There is now more clarity with regard to Saudi Aramco’s initial public offering (IPO), with the number of shares put up coming in at 3 billion, or 1.5 percent of total stock, putting the company’s indicative valuation between $1.6 trillion and $1.7 trillion.
Aramco remains the world’s most valuable company by net income, and the current valuation would give the stock a yield of between 4.4 and 5 percent, which is slightly below the average yield of Western international oil companies, at 5.7 percent.
The offering of shares is smaller than originally anticipated. While the IPO will only take place on the Saudi exchange the Tadawul, the prospectus initially contained language that the domestic IPO would be made available to institutional investors outside the US according to Regulation S of the US Securities Act of 1933, and inside under Rule 144A.
The reference to US legislation was removed by November 17, indicating that the issuers expected the transaction to be predominantly domestic. This may make sense from the Kingdom’s perspective: Saudi Aramco is the country’s crown jewel and it is pivotal that Saudi citizens and institutions are given prime opportunity.

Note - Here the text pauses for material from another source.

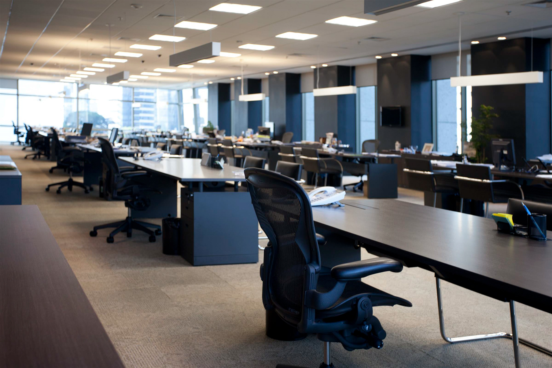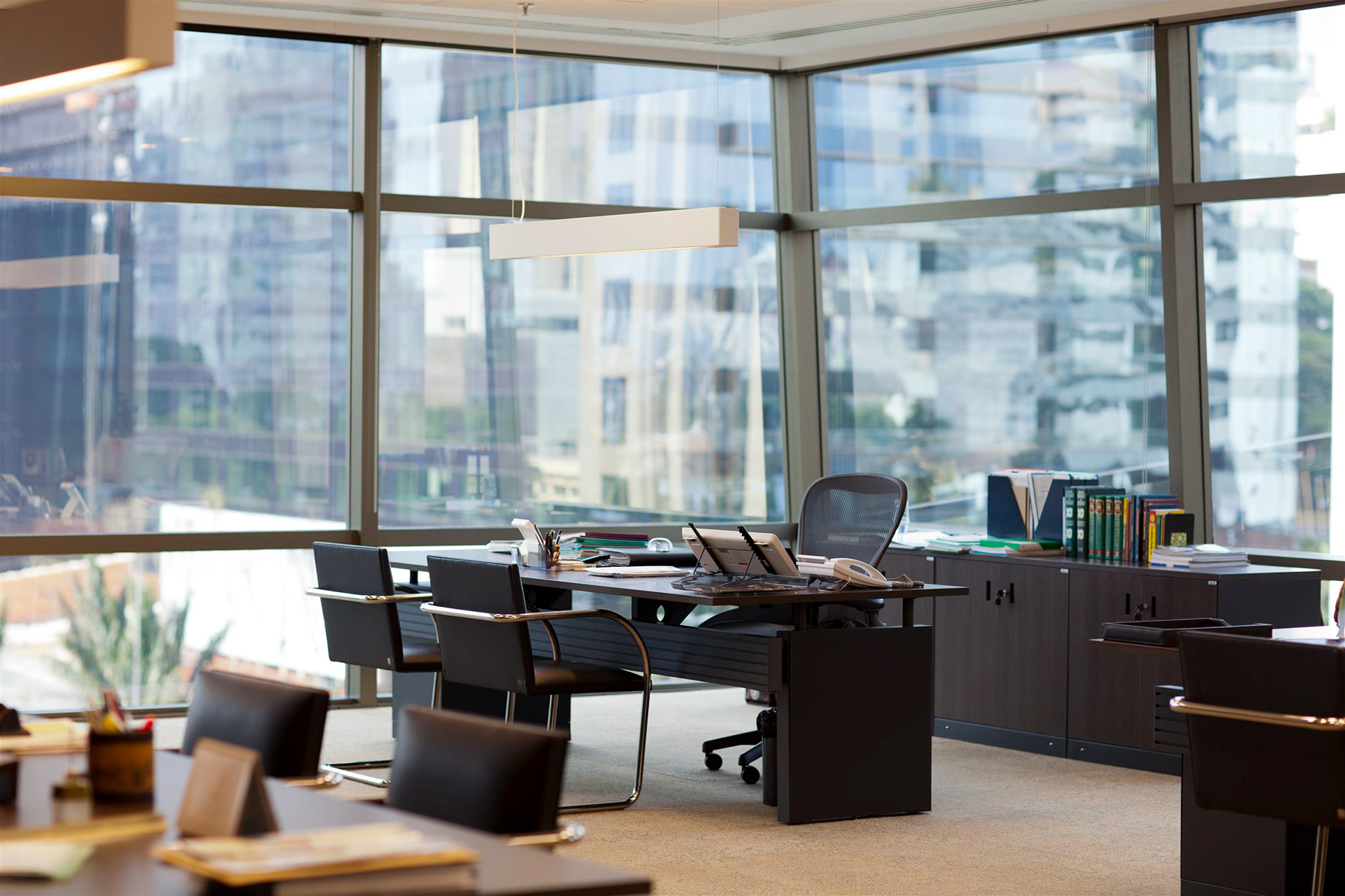 Dentro da Klabin um novo conceito de integração física entre diretores fez com que o layout original, com diversas salas individuais fechadas, tivesse que ser remodelado em uma das áreas mais importantes do escritório. Um ambiente totalmente aberto e integrado foi projetado para locar 14 estações de trabalho com amplo espaço de mesa e circulção, distribuidas em uma planta retangular e tratado com materiais sóbrios e minimalistas como o painel metálico preto munido de porta de correr automatizada que divide a sala dos diretores com o ambinete das sercretarias e sala de reunioes, exclusiva para este setor. Luminárias pendentes sobre cada uma das mesas iluminam tanto a mesa quanto o teto, o que proporciona conforto e define o uso do espaço, tratado como uma grande alameda com generosas mesas rodeado pela melhor vista do edifício.

Analysts and the international press had raised reservations about the offering.
Many have mentioned oil price volatility and geopolitical risk, but commodities have always been volatile and OPEC, where Saudi Arabia acts as the de facto leader, does its best to mitigate volatility. On the downside, though, maintaining stability of price does come with the reality of sometimes limiting production.
Geopolitical risk has always existed. Other than the US or Canada, oil is located in geopolitically volatile regions. The September attacks on Abqaiq and Khurais highlighted this fact. However, the speed of recovery from those attacks demonstrated Aramco’s operational excellence, restoring full production in under a month.
The Aramco IPO may become the world’s largest, beating Ali Baba’s in 2014, if the valuation reaches the upper end.
Cornelia Meyer
There also remains concern over the fact that the state will remain the overwhelming majority shareholder, and how that will affect the rights of minority shareholders. That will mean that the board and the company’s chairman, Yasir Al-Rumayyan, will need to take their oversight duties seriously. There is no doubt, though, that they will.
The board is composed of experts, 50 percent of them foreigners, who are running or have run big international oil companies or oil field service companies. Al-Rumayyan himself was a seasoned investment banker before assuming the posts of the Public Investment Fund governor and Aramco chairman.
Additionally, some analysts worry about the temptation of the Saudi government to dip into the coffers of Saudi Aramco when the going gets tough fiscally. It will be up to the board and its chairman to look after investors’ interests.
Some analysts also criticized that the prospectus mentioned peak oil demand to be reached by 2030, which they deemed overly optimistic in light of the current climate change debate and increased tendency to move towards e-mobility in many countries. Here, again, the prospectus erred on the side of caution by using external projections rather than Aramco’s own.
It will be interesting to see how the IPO will unfold at the beginning of December. There is big interest among domestic investors, evidenced by their heavy borrowing in order to secure a slice of the action. The Aramco IPO may become the world’s largest, beating Ali Baba’s in 2014, if the valuation reaches the upper end.